Have you ever driven on the Jersey turnpike? It’s kind of like playing a game where you drive and you try not to die. “Initiation,” if you will. The speed limit is 88-or-else, and if you don’t get that, then you are in for quite a trip. The highlighted version is as follows:
First, My Father’s Driving Rules:
1. Always be on the offensive.
2. If you’re too scared to drive, get off the goddamn road.
And my personal favorite,
3. Never use your blinker. Then, they’ll know you’re coming.
Second, NJ Drivers Top 3 Moves:
1. The “Jersey-lane-change” as in, “See that car?! Now you DON’T!” Why? Because it just crossed four lanes of traffic in the blink of an eye.
2. The “Threesome” when you disobey the golden 88-or-else rule or look at someone the wrong way and so you (1) receive the finger, (2) the horn and (3) a death threat out the window. And rightfully so… keep your eyes on the road, asshole.
3. The “Zoolander” as in, “Why can’t I turn left anywhere in this f-ckin’ state!?” Because we said so, that’s why. Our state, our rules.
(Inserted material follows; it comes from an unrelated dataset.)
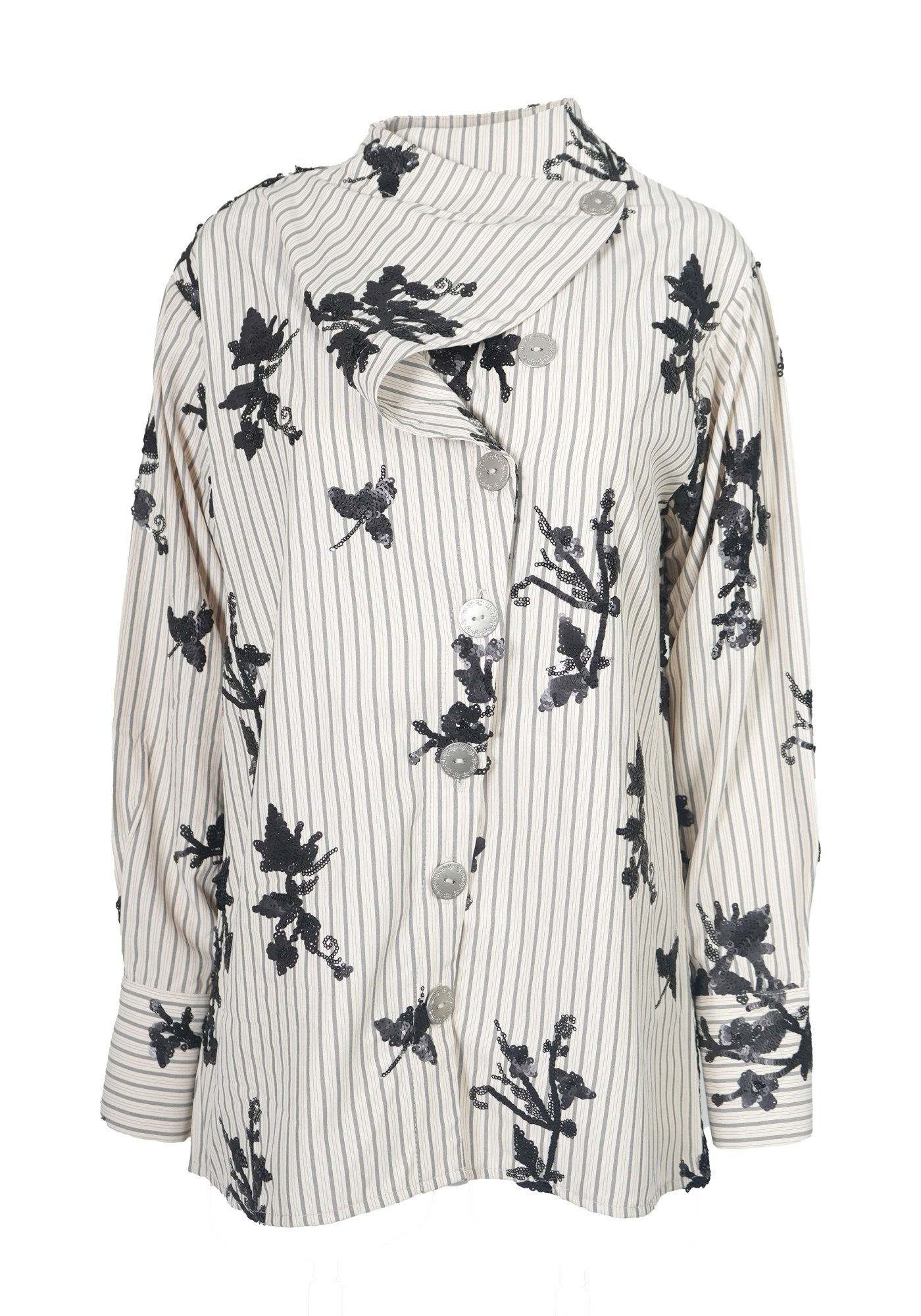 قميص مكون من قماش التنسل المشكوك مع حزام منفصل

Whatever you have, we have it better.
You know the drill. We’ve got better bagels, better pizza and better looking people. It’s true. And we have Bruce! We have THE BOSS, baby. And we are certainly not running out of talent in any of the artistic arenas, any time soon. Some of the best surfers in the world (Mike Gleason, get it cuz) tout the Jersey Shore as their home break. And have you heard of Quincy Mumford & The Reason Why? What about Kid Felix? If you haven’t, you should iTunes hunt them ASAP so you can tell all of your friends that you knew all about them before they made it big. Because they will. Or, if you’re into avant-garde art, check out Katy Hirschfeld’s sexpot collection of grit and glamour at Collage Garage. She’s going to be big, too. And of course, we’re proud to lay home-land claim to Move For Hunger. They’re already big, you idiot, so do some Googling.
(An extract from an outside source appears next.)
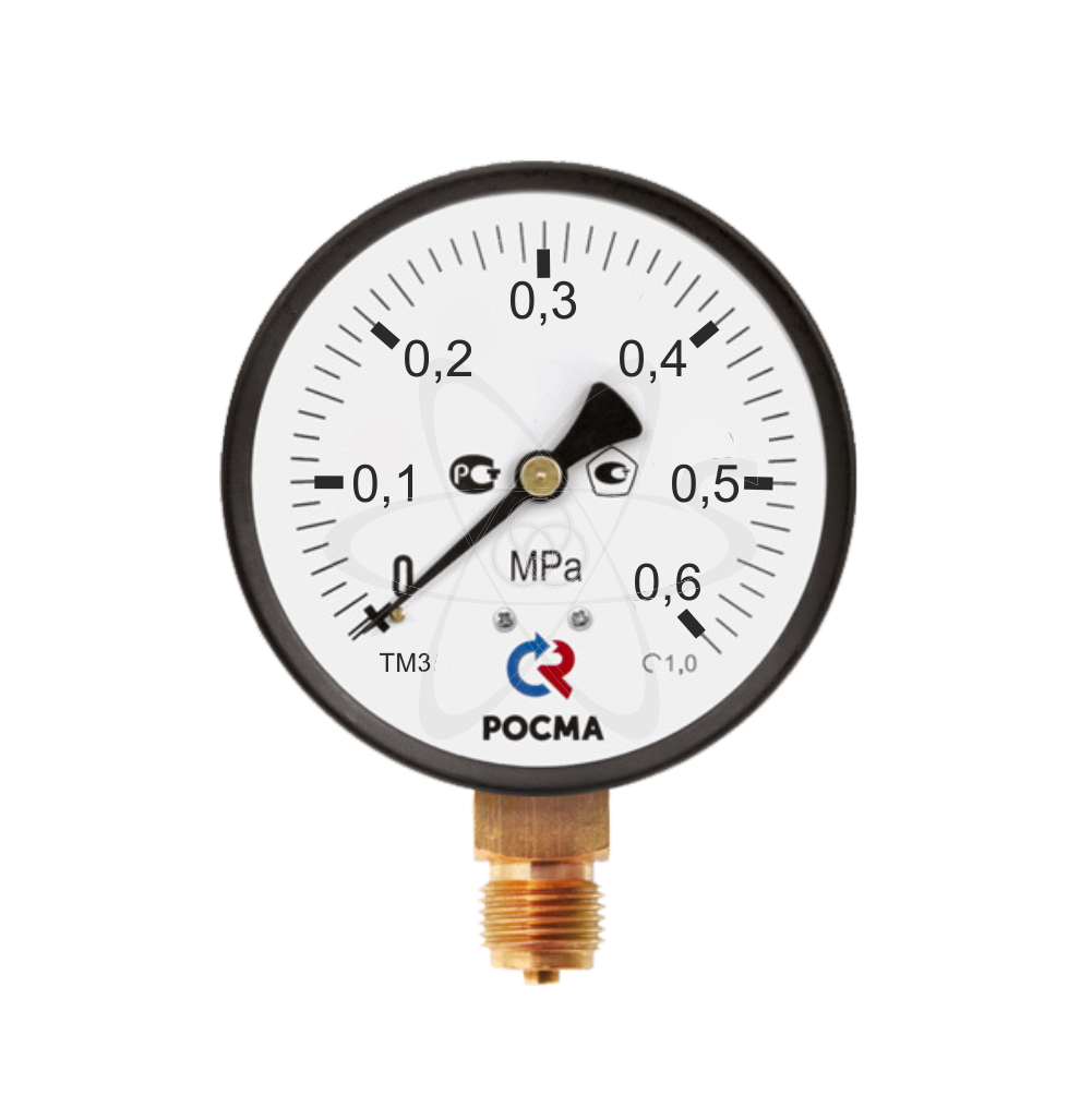 Манометр стандартный используется для измерения избыточного, вакууметрического давления неагресcивных к медным сплавам жидких и газообразных, не вязких и не кристаллизующихся сред с температурой до 150 °C. Корпус манометров в стандартном исполнении выполнен из стали, механизм — из латунного сплава. Принцип действия манометров основан на зависимости деформации чувствительного элемента от измеряемого давления. В качестве чувствительного элемента используется трубка Бурдона. Под воздействием измеряемого давления свободный конец трубки перемещается и с помощью специального механизма вращает стрелку манометра. Область применения: все отрасли промышленности, включая теплоснабжение, водоснабжение, вентиляция, машиностроение.

So, that’s my argument for the Jersey Shore. We aren’t always the boxed-in version of what you see on TV. We produce some of the most original and talented people on the planet. And behind the (sometimes) misrepresented television and news mockery, we’re just one big make-shift family full of good hearts, sharp tongues and a lot of soul. I mean, what else could you possibly want — clear water and white sand? Come on, don’t be greedy.